Unsere Club Geschichte

Geschichte: Von 1910 bis heute

Am 22. Dezember 1910 wurde der Deutsche Hockey Club in Hannover im Hotel „zu den Vier Jahreszeiten“ gegründet. Die 17 Gründungsmitglieder – darunter der Student der Medizin Friedrich Fiedler, der bis zu seinem Tode das Bild des DHC maßgeblich geprägt hatte – waren bis dato Mitglieder im DSV 1878, die sich mit der Gründung des DHC von ihrem alten Club lossagten. Als Clubfarben wurden die Farben schwarz und rot festgelegt.

Schon im Frühjahr 1911 wurde der Sportbetrieb aufgenommen. Hockey wurde auf einem angemieteten Platz auf der Radrennbahn gespielt, während die Tennisspieler Sonntags auf drei Plätzen des Deutschen Tennis Vereins (DTV) als Gäste spielen durften.

1913 wurde die eigene Clubanlage im Georgengarten mit einem Hockeyturnier eröffnet, bei dem auch eine repräsentative Elf der Englischen Hockey Association teilnahm. Die Sportanlage bestand aus zwei Hockey– und vier Tennisplätzen, nebst einem kleinen Clubhaus mit Garderoben.
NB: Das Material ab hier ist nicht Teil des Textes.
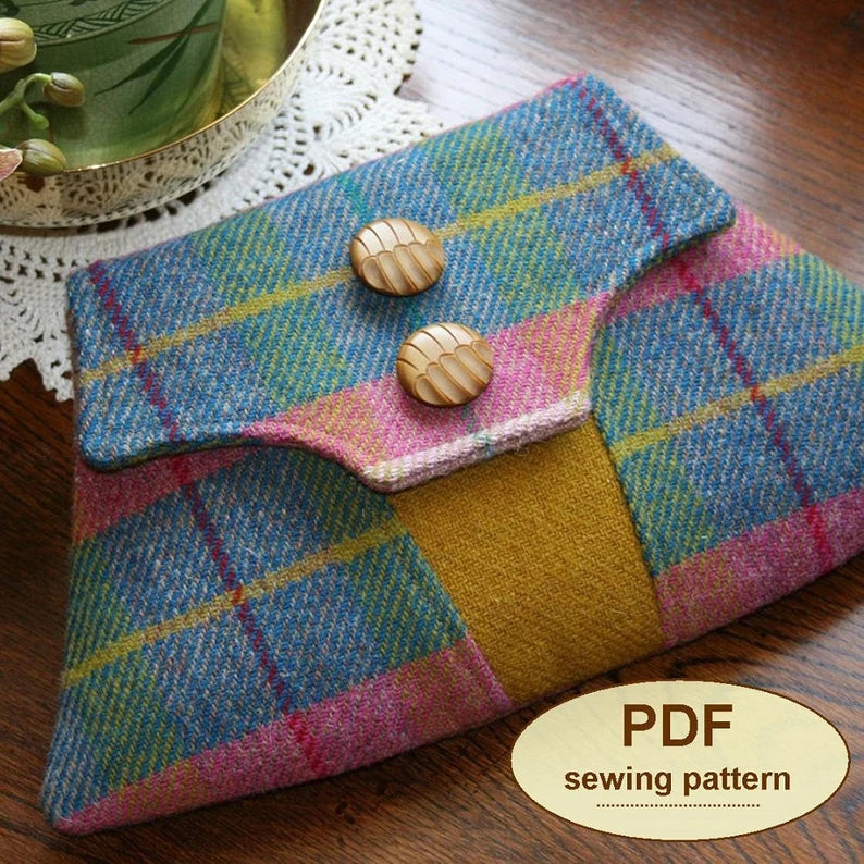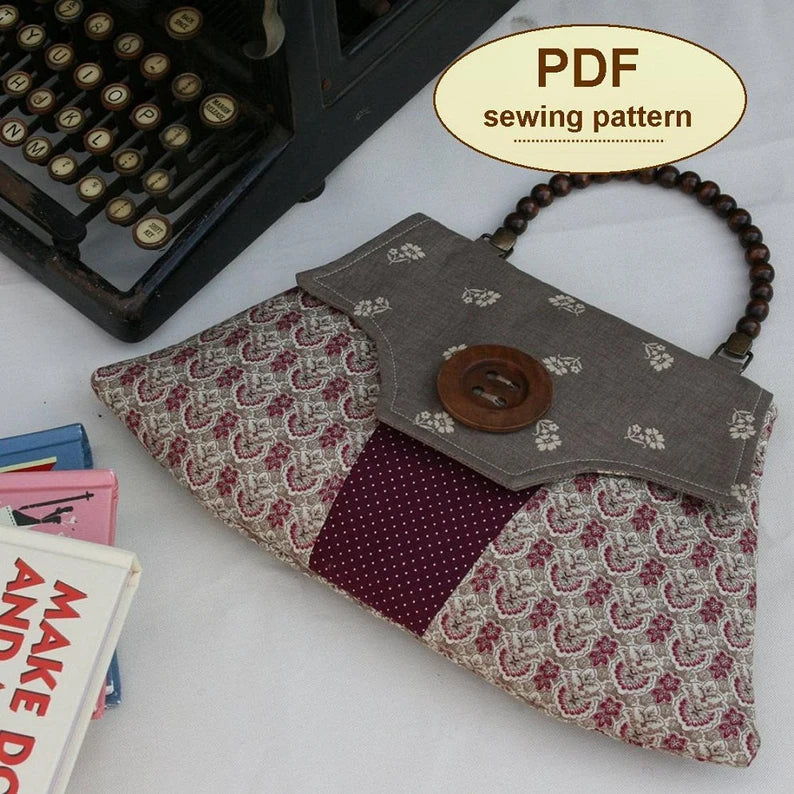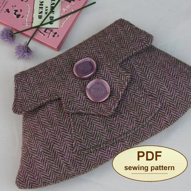 Inspired by the military styles of the wartime years, this PDF SEWING PATTERN is for a simple envelope clutch bag. The pattern has two style choices.
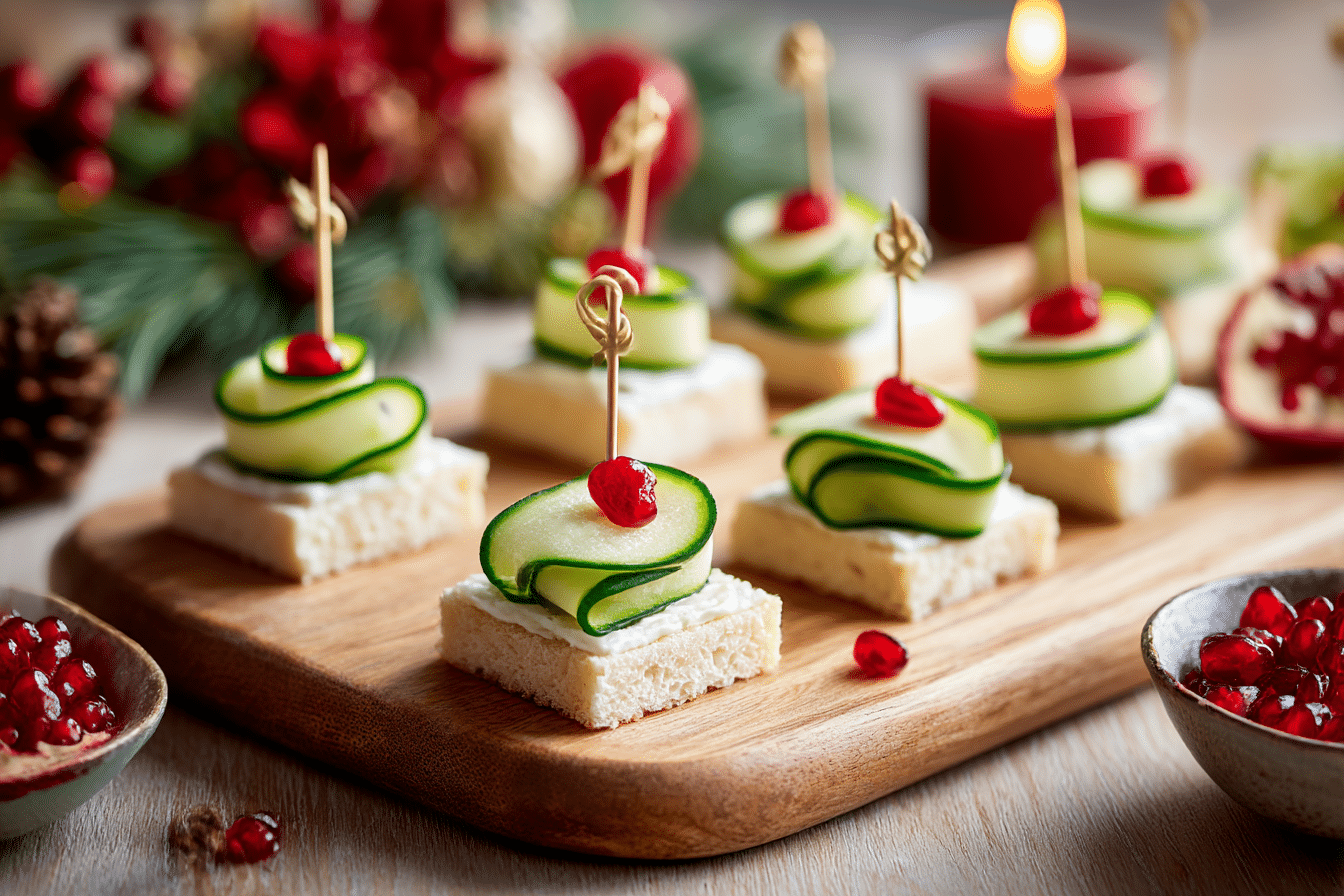 Substitutions are simple: any spread or cheese can be used based on preference, and vegetables can vary according to availability. The combination of bread, spreads, fillings, and garnishes creates both a visually appealing and delicious holiday treat.

Trotz der Weltwirtschaftskrise wurde 1924 ein größeres Clubhaus gebaut, die Tennisanlage um 3 Plätze erweitert und eine 600 m Laufbahn fertiggestellt. Vom Beginn der zwanziger Jahre war die Leichtathletikabteilung im DHC führend unter sämtlichen Vereinen in Hannover. Allein der damals berühmte Staffellauf „Hildesheim-Hannover“ wurde sechs mal in Folge vom DHC gewonnen.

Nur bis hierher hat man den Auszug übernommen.